To analyze force indentation curves launch the CANTER Processing Toolbox in MATLAB and open the Force Curve Analysis application. Then to load the high resolution force map of the lung section click Select File, navigate to the save location, double-click on the file, and select Load Data. When the pop-up window requesting calibration values for the cantilever appears, enter the calibration values in the respective edit fields.
Click the Submit button to proceed. Upon a second pop-up window continue with the loading procedure of the quantitative imaging, or QI, map by clicking the Submit button. Upon completion of the loading process the initial force curve of the force map is displayed on the screen.
Set the fit depth in the corresponding edit field to 1.5 micrometers and select via Hertz fit for the contact finder algorithm. To apply the fit of the modified Hertz model to all force indentation curves of the QI map, click the Keep Apply to all button. After completion of the last force curve analysis a window appears to save the files.
Click Yes and enter a name for the result files. For spatial filtering of QI map from the Application Selection window in the CANTER Processing Toolbox, select the Result Filtering Tool and click on the Start Application button. To load the fit results click on Open in the top menu bar of the Result Filtering Tool user interface.
In the subsequent popup window locate the first Set button under the JPK Maps tab and select the tsv file containing the force curve analysis outcomes. Then click on the second Set button and locate the QI map file corresponding to the selected tsv file. Subsequently, click Submit to load the map data and force curve analysis results.
From the Displayed channel dropdown menu at the top select the EModul option to display Young's modulus results as a map image. Then from the Data channel dropdown menu below the histogram plot choose the EModul option to visualize the distribution of the loaded Young's modulus values of the QI map. Next, click on the Manipulation flow arrow button in the center of the user interface, ensuring it points towards the right-hand side.
Set the Image filter toggle button to the On position in the Filter panel above the histogram axes. From the Filter geometry dropdown menu select the Freehand option and then click on the Add button. On the top channel image draw the filter mask by circling the basement membrane while holding the left mouse button.

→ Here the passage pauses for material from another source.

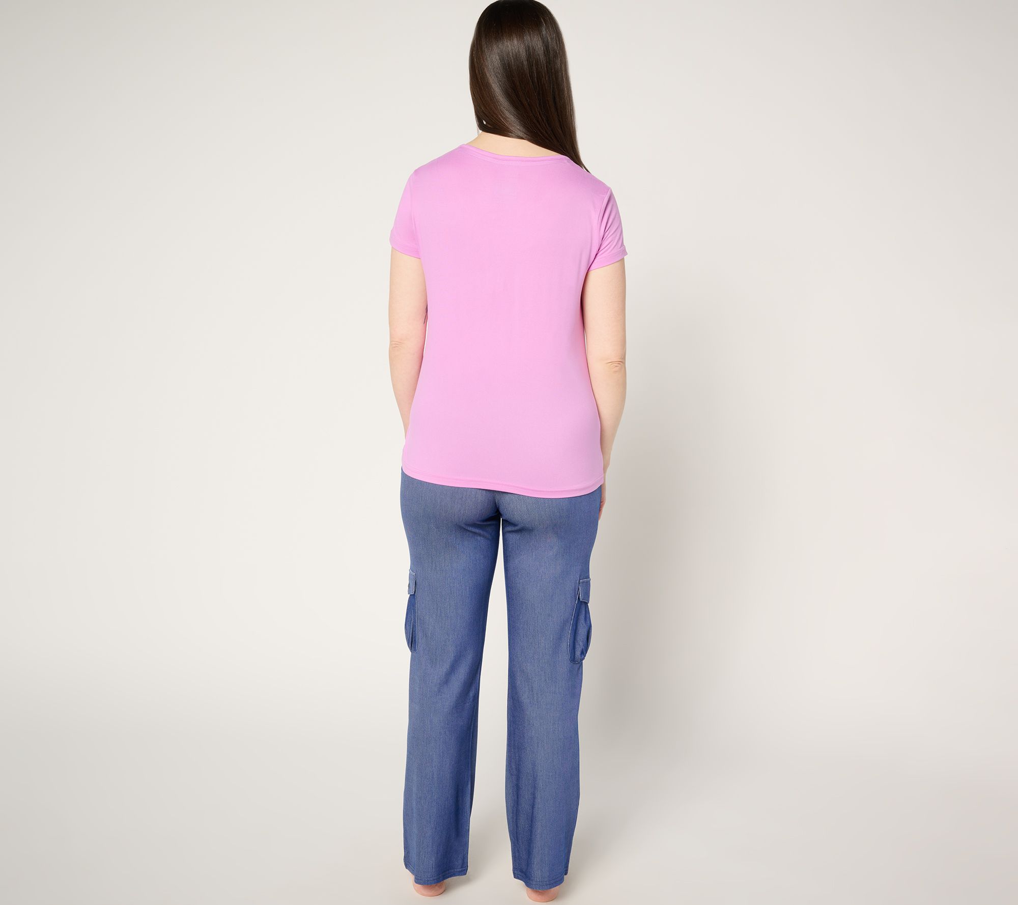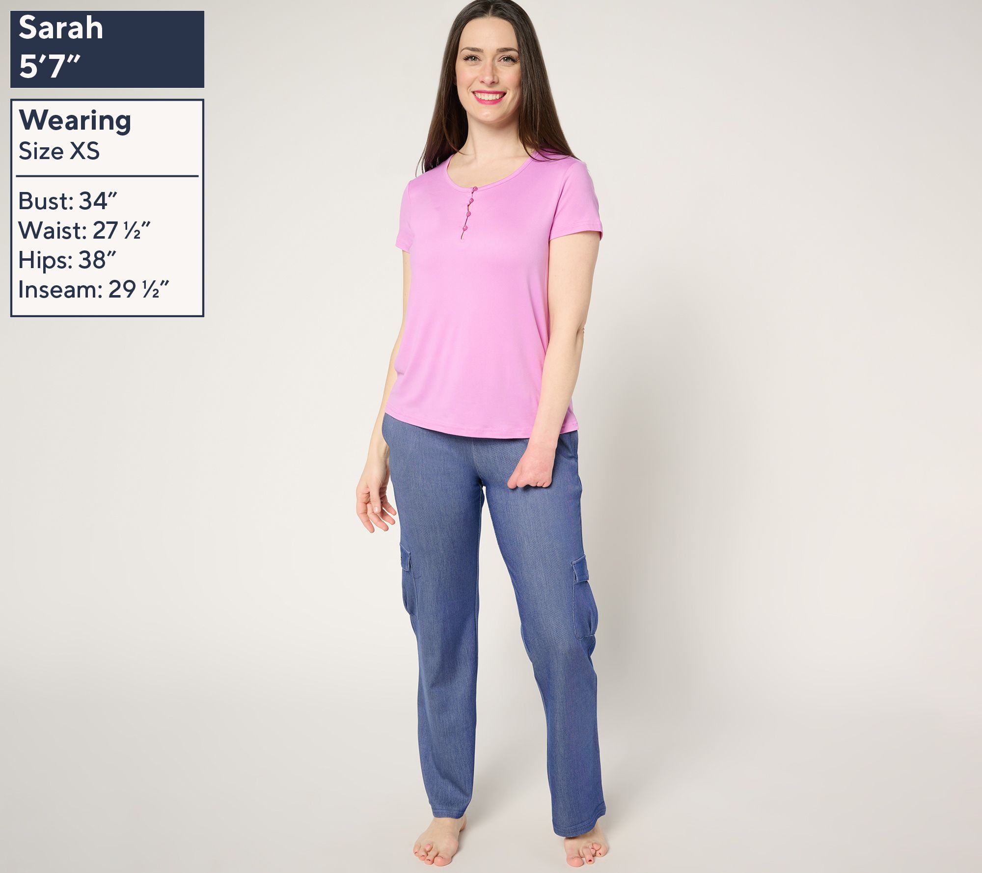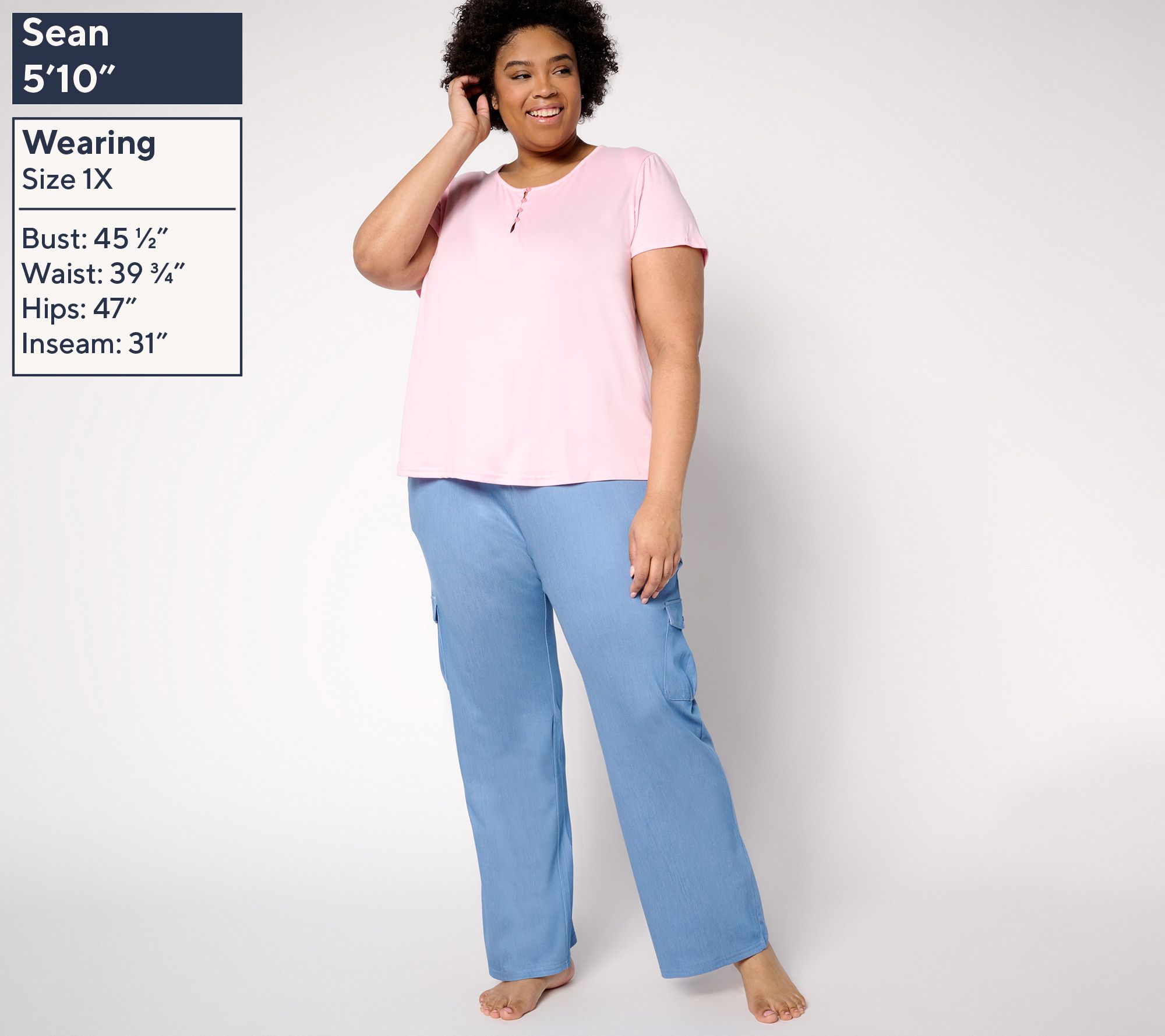 Upgrade your lounge attire with the MUK LUKS faux denim cargo pant and cloud knit tee lounge set. Whether you need a cozy outfit for a lazy day at home or a laid-back look for running errands, this coordinated set has you covered. From MUK LUKS.

Then release the mouse button when finished and double-click on the mask to apply it to the map. To save a new tsv result file with the masked Young's modulus values click on Save, Save histogram, and Save data in the top menu bar. In the popup window that appears click Select all to choose which results to write to the tsv file.
Then click on the OK button to confirm the selection. In the Save dialog enter a name for the tsv file, choose the desired save location, and click OK to save the filtered results. The Young's modulus values of the pulmonary basement membrane exhibited a log normal distribution with a peak value of 9.31 and standard deviation of 0.18, yielding a representative Young's modulus of 11.05 kilopascals.
These findings were further confirmed by quantile-quantile plot.